## Task goal
With pictures excluded, copy word for word the lines in the data below from the line containing "- Comfy & Safe" through the line containing "Aspiracenere AR BLUE".

## Data excerpt

★ ★ ★ ★ ★ ★ ★

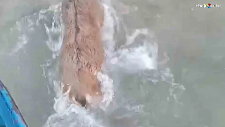 Edinilen bilgiye göre, dağ keçisi kurtlardan kaçarken dengesini kaybederek Keban Baraj Gölü'ne düştü. Suya düşen hayvan çırpınarak hayatta kalmaya çalıştı.
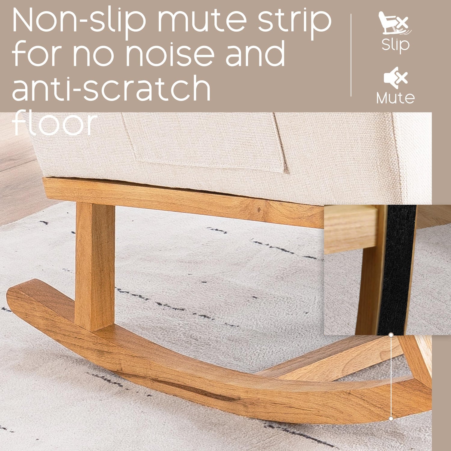 - Comfy & Safe & Mute Rocking Design : With strong well-built wood, makes this indoor rocker accent chair stable. Extended wooden leg prevent rollover when you are coaxing baby. And bottom non-slip strips design is perfect for no noise and anti-scratch
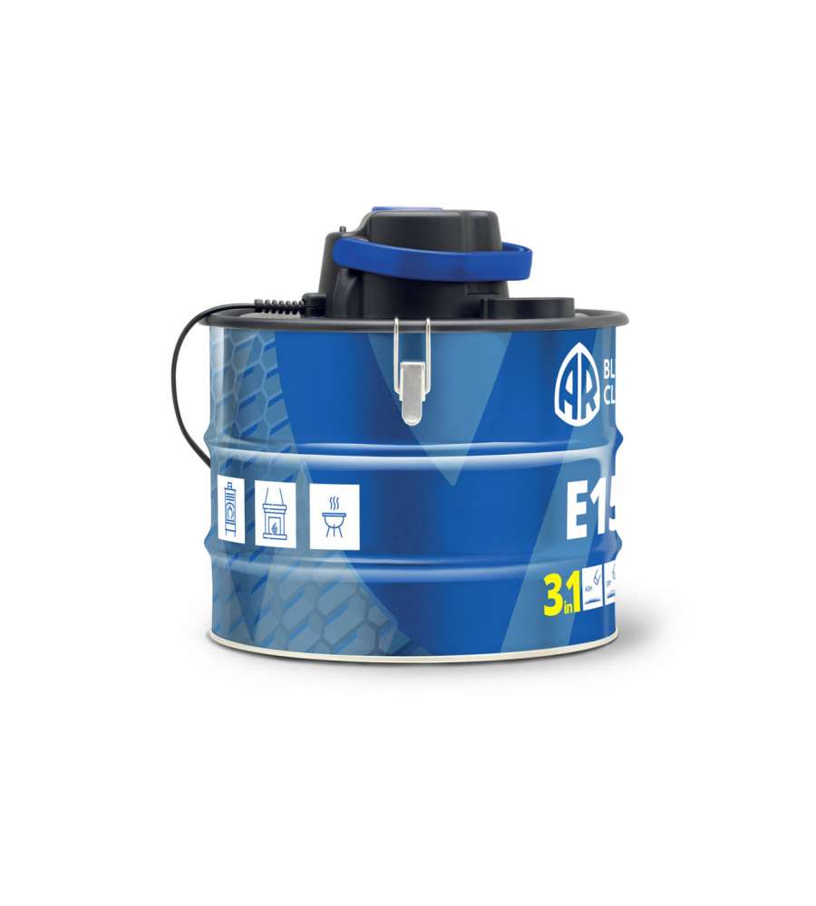 Aspiracenere AR BLUE CLEAN 15lt mod. E15: ideale per ceneri fredde da stufe, camini e barbecue. Dotato di filtro Hepa con protezione in rete metallica e funzione soffiaggio. Fusto in acciaio, maniglia integrata, tubo flessibile in metallo.
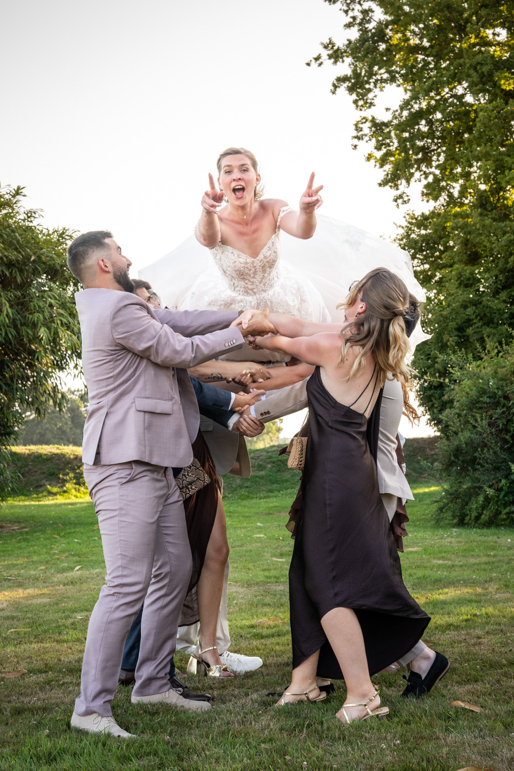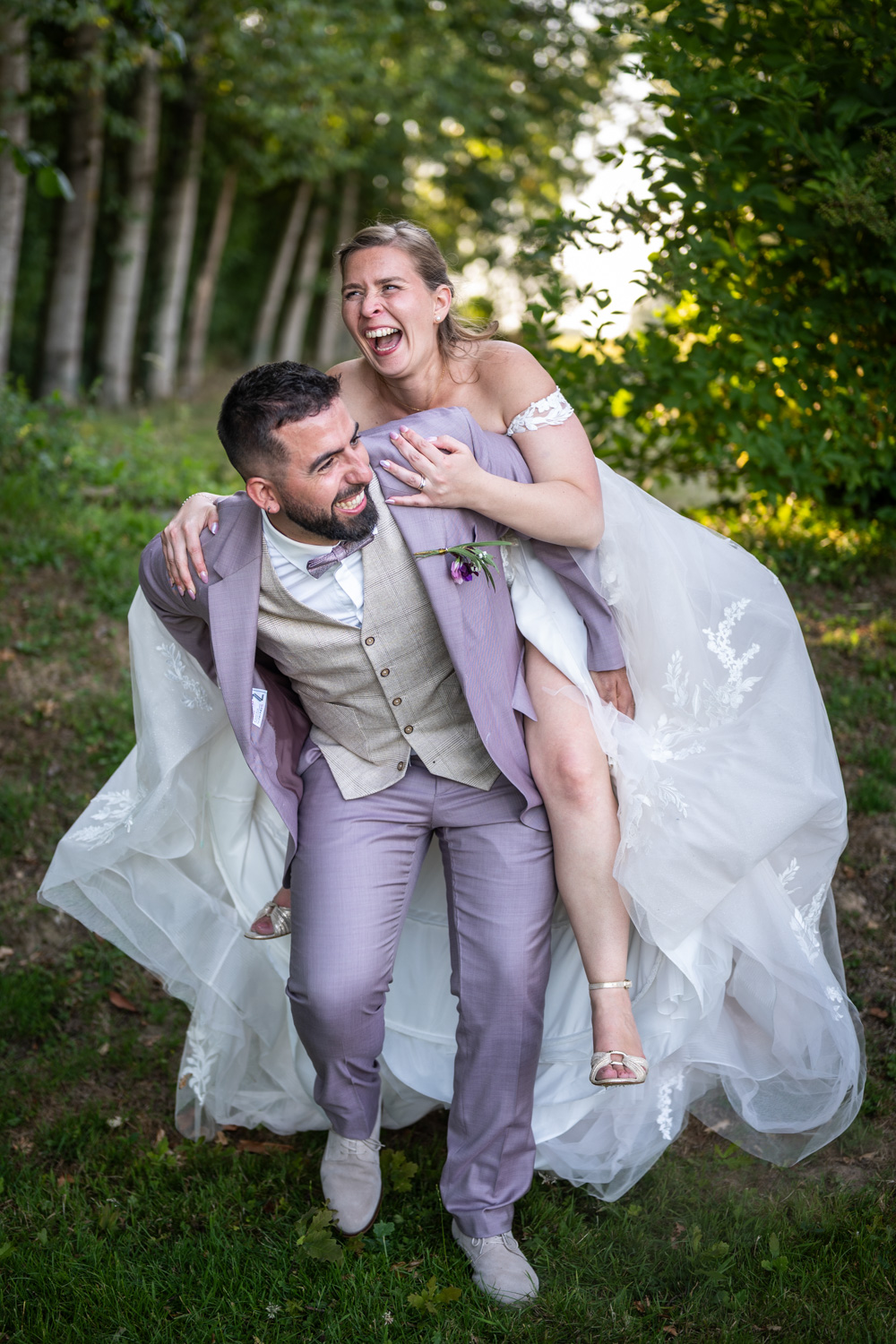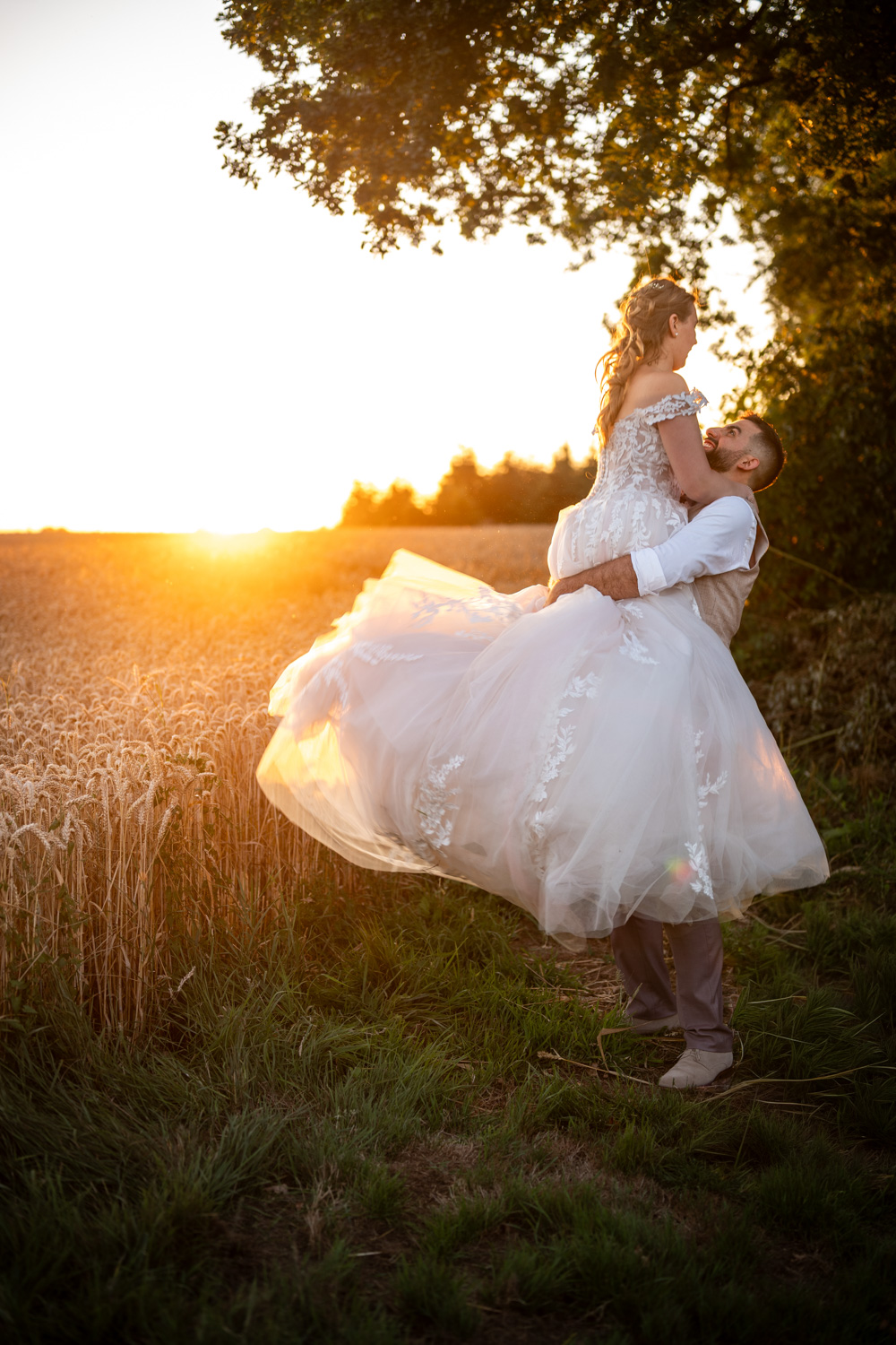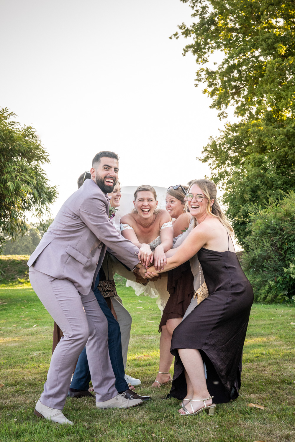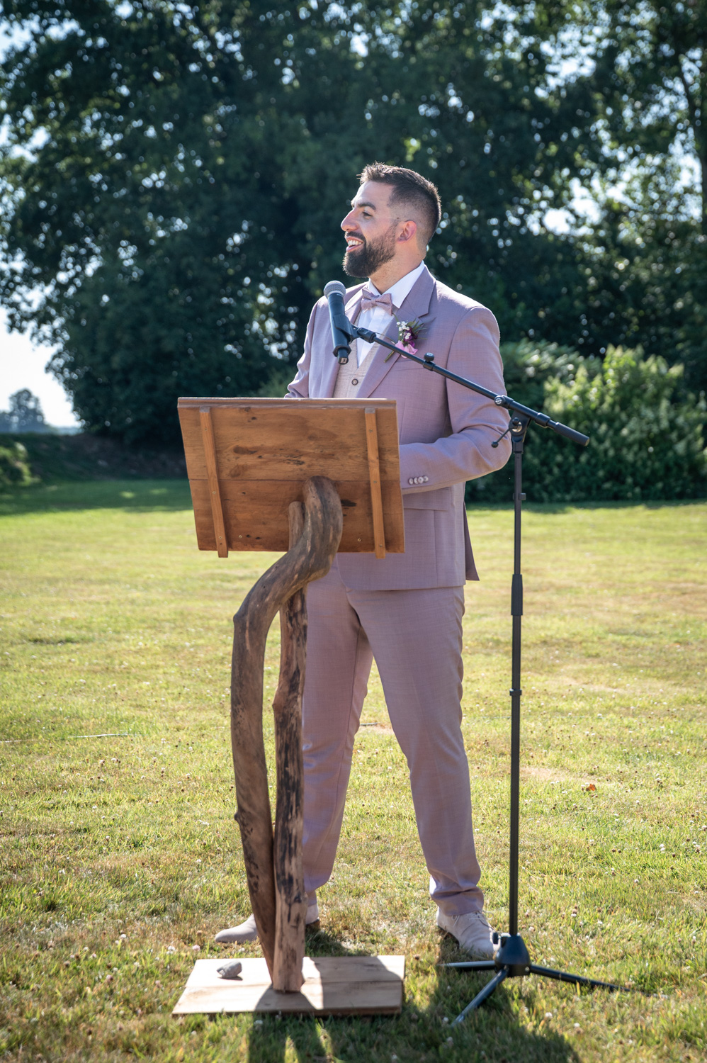 Nous avons immortalisé leur journée des préparatifs dans un gîte loué pour l’occasion, jusqu’à leur ouverture de bal, sans oublier évidemment leur belle cérémonie laïque réalisé sous un soleil de plomb mais avec une partie de beer pong et un magistral chifoumi entre les mariés pour décider qui lira ses voeux à l’autre en premier !

★ ★ ★ ★ ★ ★ ★

## Your solution
 - Comfy & Safe & Mute Rocking Design : With strong well-built wood, makes this indoor rocker accent chair stable. Extended wooden leg prevent rollover when you are coaxing baby. And bottom non-slip strips design is perfect for no noise and anti-scratch
 Aspiracenere AR BLUE CLEAN 15lt mod. E15: ideale per ceneri fredde da stufe, camini e barbecue. Dotato di filtro Hepa con protezione in rete metallica e funzione soffiaggio. Fusto in acciaio, maniglia integrata, tubo flessibile in metallo.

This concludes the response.